== Extracted material ==
++++++++++
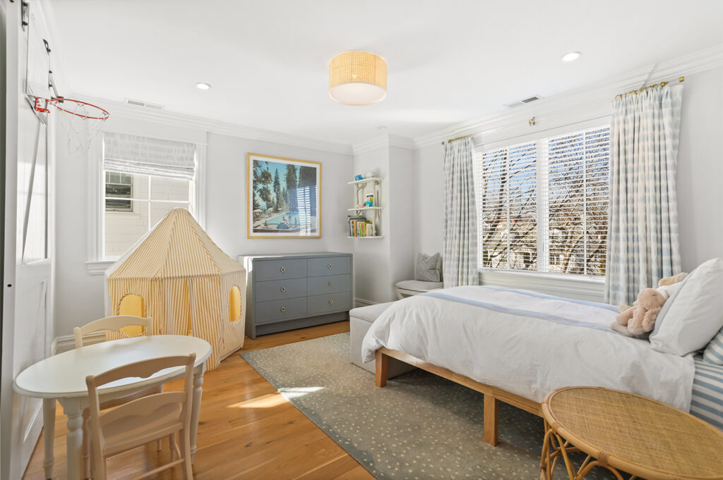 Every detail has been carefully curated, from wide plank white oak floors throughout and custom built-ins, to the finest hardware and finishes. A covered rear porch and beautifully maintained outdoor spaces extend the living experience outdoors.
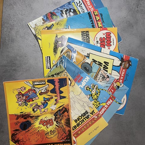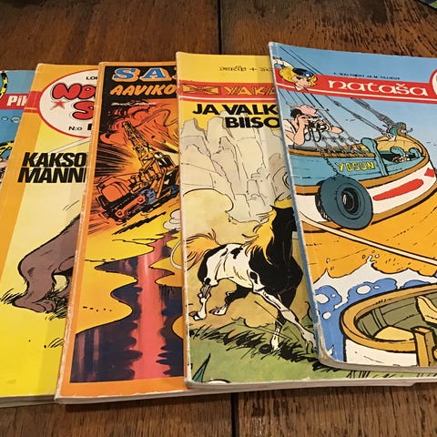 Ensipainokset vuosilta 1978 - 1979. Joitakin tahroja ruutujen ulkopuolella, joista esimerkit kuvissa. Ehjät. Vili ja Bill - taitos takakannessa (näkyy kuvassa). Sammyt ovat virheettömimmät Yhteishintaan 28€ tai 9€/kpl.
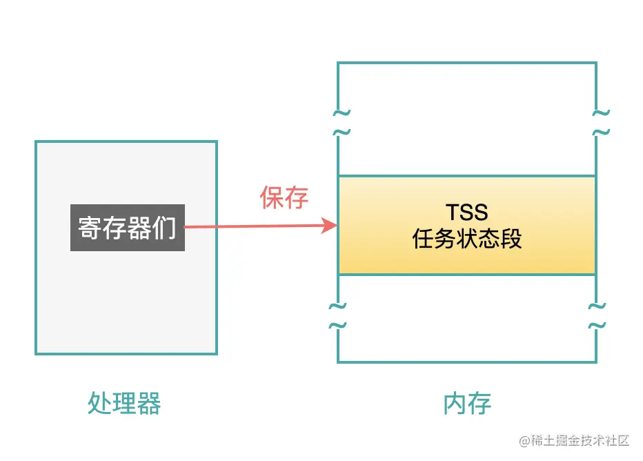 首先,把处理器中的寄存器内容,存储到 TR 寄存器指向的 TSS 段中(即将被停止的任务);
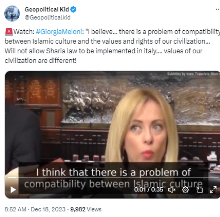Italian Prime Minister Giorgia Meloni saying there is a problem of compatibility between Islamic culture and the “values and rights of our civilization”.
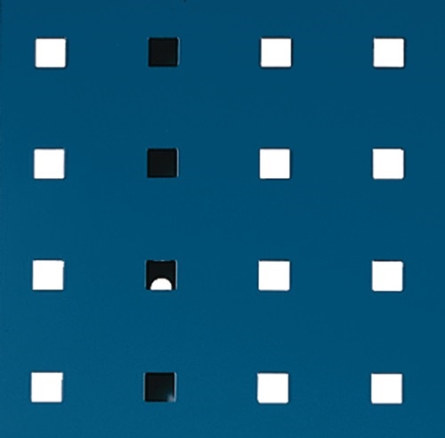 Lochplatte B457xL990mm enzianblau BOTT symmetrisch perforiert · aus 0,9 mm starkem Stahlblech · Lochabstand 38,1 mm · Lochgröße 9,2 x 9,2 mm · besonders stabil durch an der Rückseite angebrachte Versteifungen · Oberfläche pulverbeschichtet · Arretierung mit Kunststoffclip: Montage des Zubehörs ohne Werkzeuge Weitere technische Eigenschaften: · Lochabstand: 38,1mm · Plattenstärke: 0,9mm
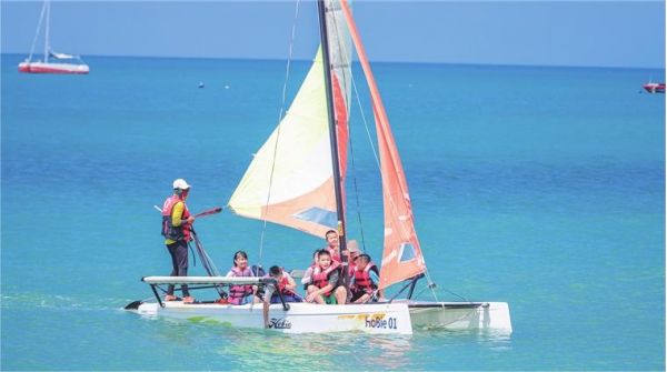 發(fā)力體育旅游,讓景區(qū)“動(dòng)力”十足。2021年,天涯海角聯(lián)手蜈支洲島籌建了西部天涯海洋運(yùn)動(dòng)俱樂部項(xiàng)目,這是三亞大膽探索國(guó)企與民企混合所有制改革試點(diǎn)的成果。在推動(dòng)傳統(tǒng)的觀光游向深度旅游體驗(yàn)轉(zhuǎn)型的過程中,天涯海角游覽區(qū)實(shí)現(xiàn)由單一的海上快艇觀光產(chǎn)品,發(fā)展為擁有二十余項(xiàng)體驗(yàn)感好、互動(dòng)性強(qiáng)、趣味性足的“海陸空”旅游產(chǎn)品,為游客體驗(yàn)高品質(zhì)水上運(yùn)動(dòng)提供了新去處。
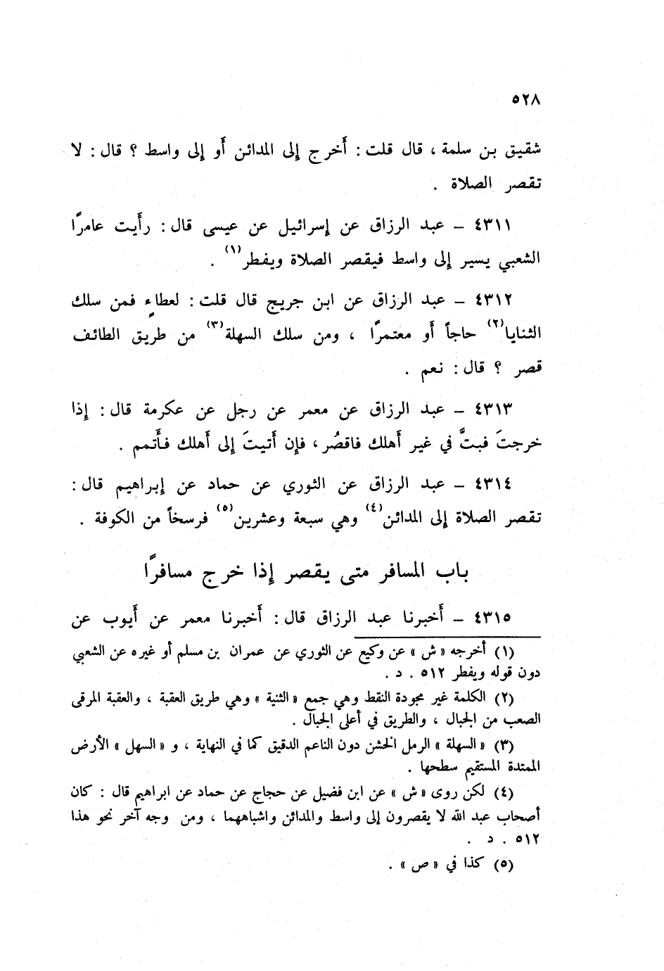 ٤٣١٤ - عَنِ الثَّوْرِيِّ، عَنْ حَمَّادٍ، عَنْ إِبْرَاهِيمَ قَالَ: «تُقْصَرُ الصَّلَاةُ إِلَى الْمَدَائِنِ، وَهِيَ سَبْعَةٌ وَعِشْرُونَ فَرْسَخًا مِنَ الْكُوفَةِ»
++++++++++
Pictures do not belong in the copy. Reproduce the rest of the data exactly.

 Every detail has been carefully curated, from wide plank white oak floors throughout and custom built-ins, to the finest hardware and finishes. A covered rear porch and beautifully maintained outdoor spaces extend the living experience outdoors.
 Ensipainokset vuosilta 1978 - 1979. Joitakin tahroja ruutujen ulkopuolella, joista esimerkit kuvissa. Ehjät. Vili ja Bill - taitos takakannessa (näkyy kuvassa). Sammyt ovat virheettömimmät Yhteishintaan 28€ tai 9€/kpl.
 首先,把处理器中的寄存器内容,存储到 TR 寄存器指向的 TSS 段中(即将被停止的任务);
Italian Prime Minister Giorgia Meloni saying there is a problem of compatibility between Islamic culture and the “values and rights of our civilization”.
 Lochplatte B457xL990mm enzianblau BOTT symmetrisch perforiert · aus 0,9 mm starkem Stahlblech · Lochabstand 38,1 mm · Lochgröße 9,2 x 9,2 mm · besonders stabil durch an der Rückseite angebrachte Versteifungen · Oberfläche pulverbeschichtet · Arretierung mit Kunststoffclip: Montage des Zubehörs ohne Werkzeuge Weitere technische Eigenschaften: · Lochabstand: 38,1mm · Plattenstärke: 0,9mm
 發(fā)力體育旅游,讓景區(qū)“動(dòng)力”十足。2021年,天涯海角聯(lián)手蜈支洲島籌建了西部天涯海洋運(yùn)動(dòng)俱樂部項(xiàng)目,這是三亞大膽探索國(guó)企與民企混合所有制改革試點(diǎn)的成果。在推動(dòng)傳統(tǒng)的觀光游向深度旅游體驗(yàn)轉(zhuǎn)型的過程中,天涯海角游覽區(qū)實(shí)現(xiàn)由單一的海上快艇觀光產(chǎn)品,發(fā)展為擁有二十余項(xiàng)體驗(yàn)感好、互動(dòng)性強(qiáng)、趣味性足的“海陸空”旅游產(chǎn)品,為游客體驗(yàn)高品質(zhì)水上運(yùn)動(dòng)提供了新去處。
 ٤٣١٤ - عَنِ الثَّوْرِيِّ، عَنْ حَمَّادٍ، عَنْ إِبْرَاهِيمَ قَالَ: «تُقْصَرُ الصَّلَاةُ إِلَى الْمَدَائِنِ، وَهِيَ سَبْعَةٌ وَعِشْرُونَ فَرْسَخًا مِنَ الْكُوفَةِ»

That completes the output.